I have read The Black Swan and am reading Antifragile. In my understanding, Taleb has performed a quadfecta of feats of rationality.
He discovered, over the course of working as an options trader, that the tails of the distributions that the financial community used for a variety of underlying instruments were greatly underestimated.
According to Taleb, the tendency to be overconfident in the tendency for variables to tend to normally distributions (i.e. the assumption that they are independent and identically distributed) is based on errors such as Platonicity, over-reliance on theory / under-reliance on practice, and slow adoption of nonlinear dynamics and fractal geometry.

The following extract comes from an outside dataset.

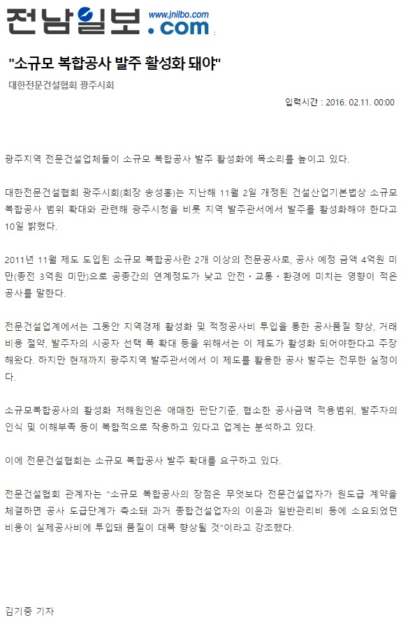 "소규모 복합공사 발주 활성화 돼야" (전남일보)

In addition to successfully taking advantage of systematic mispricings as an options trader, by his own admission, Taleb has multiplicatively increased his net worth approximately once a decade – first with the 1987 flash crash, then the 1999-2001 internet bubble, and recently with the 2008 Great Recession, which he predicted in detail in his 2006 book The Black Swan.
Taleb’s books have been extremely successful. The Black Swan is a household name for anyone in finance or statistics. He continues to lecture, debate, and write at a rapid pace. He is known for his extremely confrontational, anti-bullshit rhetorical style. He quite often synthesizes writings from past civilizations and broadens his technical points into philosophical ones. He is well respected in the statistical, financial, and philosophical communities.
I can understand how many people would be satisfied by accomplishing some, but not all, of the above. For example, a path from (1) Insight to (2) Understanding to (3) Profit is success in its own right – technologists come to mind. Likewise, (1) Insight to (2) Understanding to (4) Impact is a common trajectory – think academics. Also, the second step, understanding, may be optional (Did Jobs understand why his design intuition was popular? Did MLK understand the true sociological and evo-psych causes of racism? Maybe.)
But I maintain that the full trajectory, (1) through (4), is the best goal.